(Material for this task)

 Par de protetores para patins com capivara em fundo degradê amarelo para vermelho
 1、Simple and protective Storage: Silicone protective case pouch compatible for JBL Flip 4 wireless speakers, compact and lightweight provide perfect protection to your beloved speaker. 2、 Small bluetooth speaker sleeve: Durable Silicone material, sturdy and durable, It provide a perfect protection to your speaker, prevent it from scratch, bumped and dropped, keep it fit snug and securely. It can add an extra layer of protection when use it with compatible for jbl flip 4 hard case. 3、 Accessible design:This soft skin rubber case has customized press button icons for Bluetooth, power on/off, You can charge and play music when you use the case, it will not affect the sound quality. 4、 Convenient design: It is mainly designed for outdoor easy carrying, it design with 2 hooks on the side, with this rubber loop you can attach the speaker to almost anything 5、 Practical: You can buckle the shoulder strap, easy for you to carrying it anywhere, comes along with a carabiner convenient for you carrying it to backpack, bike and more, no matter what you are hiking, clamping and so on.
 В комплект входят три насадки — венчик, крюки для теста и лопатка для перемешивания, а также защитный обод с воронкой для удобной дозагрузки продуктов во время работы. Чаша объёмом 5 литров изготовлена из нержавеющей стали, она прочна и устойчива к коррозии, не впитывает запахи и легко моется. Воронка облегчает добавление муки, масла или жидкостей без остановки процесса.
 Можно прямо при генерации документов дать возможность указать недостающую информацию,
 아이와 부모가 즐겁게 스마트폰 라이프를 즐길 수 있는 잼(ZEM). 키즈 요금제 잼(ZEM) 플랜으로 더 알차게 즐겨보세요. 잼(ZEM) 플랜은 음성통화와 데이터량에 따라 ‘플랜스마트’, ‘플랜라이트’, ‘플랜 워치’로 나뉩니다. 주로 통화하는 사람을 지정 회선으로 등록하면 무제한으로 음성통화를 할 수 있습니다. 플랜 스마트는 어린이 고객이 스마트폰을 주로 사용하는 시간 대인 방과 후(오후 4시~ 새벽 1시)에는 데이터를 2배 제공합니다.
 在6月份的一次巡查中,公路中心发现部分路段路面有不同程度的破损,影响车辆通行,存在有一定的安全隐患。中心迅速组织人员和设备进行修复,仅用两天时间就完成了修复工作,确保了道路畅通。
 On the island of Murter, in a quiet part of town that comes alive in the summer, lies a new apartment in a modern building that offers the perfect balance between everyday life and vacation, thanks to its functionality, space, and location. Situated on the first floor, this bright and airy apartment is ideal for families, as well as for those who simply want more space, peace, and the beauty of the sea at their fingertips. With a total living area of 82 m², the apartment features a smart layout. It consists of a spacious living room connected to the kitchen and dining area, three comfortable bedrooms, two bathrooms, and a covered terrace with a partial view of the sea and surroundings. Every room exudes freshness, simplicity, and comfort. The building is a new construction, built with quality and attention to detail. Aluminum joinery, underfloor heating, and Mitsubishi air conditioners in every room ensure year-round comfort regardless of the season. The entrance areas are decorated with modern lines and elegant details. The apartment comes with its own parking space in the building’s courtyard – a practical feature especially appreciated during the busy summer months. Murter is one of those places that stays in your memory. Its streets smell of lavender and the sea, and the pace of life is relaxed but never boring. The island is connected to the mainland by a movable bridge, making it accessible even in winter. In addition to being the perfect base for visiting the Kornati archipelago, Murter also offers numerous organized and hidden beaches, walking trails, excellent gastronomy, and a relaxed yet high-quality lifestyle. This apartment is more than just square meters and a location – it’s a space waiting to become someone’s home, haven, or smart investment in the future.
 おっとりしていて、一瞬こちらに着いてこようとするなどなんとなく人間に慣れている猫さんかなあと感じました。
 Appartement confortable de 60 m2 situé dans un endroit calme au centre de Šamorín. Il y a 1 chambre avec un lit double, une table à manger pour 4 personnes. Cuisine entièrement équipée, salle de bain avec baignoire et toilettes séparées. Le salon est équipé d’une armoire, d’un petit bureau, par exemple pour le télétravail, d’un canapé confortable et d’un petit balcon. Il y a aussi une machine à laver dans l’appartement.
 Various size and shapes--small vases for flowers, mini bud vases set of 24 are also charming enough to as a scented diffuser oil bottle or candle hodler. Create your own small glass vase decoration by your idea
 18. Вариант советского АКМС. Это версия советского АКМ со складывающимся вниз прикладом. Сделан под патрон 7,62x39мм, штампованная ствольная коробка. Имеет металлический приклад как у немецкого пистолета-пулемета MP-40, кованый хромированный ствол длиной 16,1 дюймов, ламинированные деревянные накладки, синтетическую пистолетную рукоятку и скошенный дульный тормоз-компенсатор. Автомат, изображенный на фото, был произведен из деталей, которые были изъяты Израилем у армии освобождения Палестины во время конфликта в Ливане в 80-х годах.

(End Material for this task)

• _Aim of the task_
Reproduce the entries above exactly.

• _Answer to this exercise_
 Par de protetores para patins com capivara em fundo degradê amarelo para vermelho
 1、Simple and protective Storage: Silicone protective case pouch compatible for JBL Flip 4 wireless speakers, compact and lightweight provide perfect protection to your beloved speaker. 2、 Small bluetooth speaker sleeve: Durable Silicone material, sturdy and durable, It provide a perfect protection to your speaker, prevent it from scratch, bumped and dropped, keep it fit snug and securely. It can add an extra layer of protection when use it with compatible for jbl flip 4 hard case. 3、 Accessible design:This soft skin rubber case has customized press button icons for Bluetooth, power on/off, You can charge and play music when you use the case, it will not affect the sound quality. 4、 Convenient design: It is mainly designed for outdoor easy carrying, it design with 2 hooks on the side, with this rubber loop you can attach the speaker to almost anything 5、 Practical: You can buckle the shoulder strap, easy for you to carrying it anywhere, comes along with a carabiner convenient for you carrying it to backpack, bike and more, no matter what you are hiking, clamping and so on.
 В комплект входят три насадки — венчик, крюки для теста и лопатка для перемешивания, а также защитный обод с воронкой для удобной дозагрузки продуктов во время работы. Чаша объёмом 5 литров изготовлена из нержавеющей стали, она прочна и устойчива к коррозии, не впитывает запахи и легко моется. Воронка облегчает добавление муки, масла или жидкостей без остановки процесса.
 Можно прямо при генерации документов дать возможность указать недостающую информацию,
 아이와 부모가 즐겁게 스마트폰 라이프를 즐길 수 있는 잼(ZEM). 키즈 요금제 잼(ZEM) 플랜으로 더 알차게 즐겨보세요. 잼(ZEM) 플랜은 음성통화와 데이터량에 따라 ‘플랜스마트’, ‘플랜라이트’, ‘플랜 워치’로 나뉩니다. 주로 통화하는 사람을 지정 회선으로 등록하면 무제한으로 음성통화를 할 수 있습니다. 플랜 스마트는 어린이 고객이 스마트폰을 주로 사용하는 시간 대인 방과 후(오후 4시~ 새벽 1시)에는 데이터를 2배 제공합니다.
 在6月份的一次巡查中,公路中心发现部分路段路面有不同程度的破损,影响车辆通行,存在有一定的安全隐患。中心迅速组织人员和设备进行修复,仅用两天时间就完成了修复工作,确保了道路畅通。
 On the island of Murter, in a quiet part of town that comes alive in the summer, lies a new apartment in a modern building that offers the perfect balance between everyday life and vacation, thanks to its functionality, space, and location. Situated on the first floor, this bright and airy apartment is ideal for families, as well as for those who simply want more space, peace, and the beauty of the sea at their fingertips. With a total living area of 82 m², the apartment features a smart layout. It consists of a spacious living room connected to the kitchen and dining area, three comfortable bedrooms, two bathrooms, and a covered terrace with a partial view of the sea and surroundings. Every room exudes freshness, simplicity, and comfort. The building is a new construction, built with quality and attention to detail. Aluminum joinery, underfloor heating, and Mitsubishi air conditioners in every room ensure year-round comfort regardless of the season. The entrance areas are decorated with modern lines and elegant details. The apartment comes with its own parking space in the building’s courtyard – a practical feature especially appreciated during the busy summer months. Murter is one of those places that stays in your memory. Its streets smell of lavender and the sea, and the pace of life is relaxed but never boring. The island is connected to the mainland by a movable bridge, making it accessible even in winter. In addition to being the perfect base for visiting the Kornati archipelago, Murter also offers numerous organized and hidden beaches, walking trails, excellent gastronomy, and a relaxed yet high-quality lifestyle. This apartment is more than just square meters and a location – it’s a space waiting to become someone’s home, haven, or smart investment in the future.
 おっとりしていて、一瞬こちらに着いてこようとするなどなんとなく人間に慣れている猫さんかなあと感じました。
 Appartement confortable de 60 m2 situé dans un endroit calme au centre de Šamorín. Il y a 1 chambre avec un lit double, une table à manger pour 4 personnes. Cuisine entièrement équipée, salle de bain avec baignoire et toilettes séparées. Le salon est équipé d’une armoire, d’un petit bureau, par exemple pour le télétravail, d’un canapé confortable et d’un petit balcon. Il y a aussi une machine à laver dans l’appartement.
 Various size and shapes--small vases for flowers, mini bud vases set of 24 are also charming enough to as a scented diffuser oil bottle or candle hodler. Create your own small glass vase decoration by your idea
 18. Вариант советского АКМС. Это версия советского АКМ со складывающимся вниз прикладом. Сделан под патрон 7,62x39мм, штампованная ствольная коробка. Имеет металлический приклад как у немецкого пистолета-пулемета MP-40, кованый хромированный ствол длиной 16,1 дюймов, ламинированные деревянные накладки, синтетическую пистолетную рукоятку и скошенный дульный тормоз-компенсатор. Автомат, изображенный на фото, был произведен из деталей, которые были изъяты Израилем у армии освобождения Палестины во время конфликта в Ливане в 80-х годах.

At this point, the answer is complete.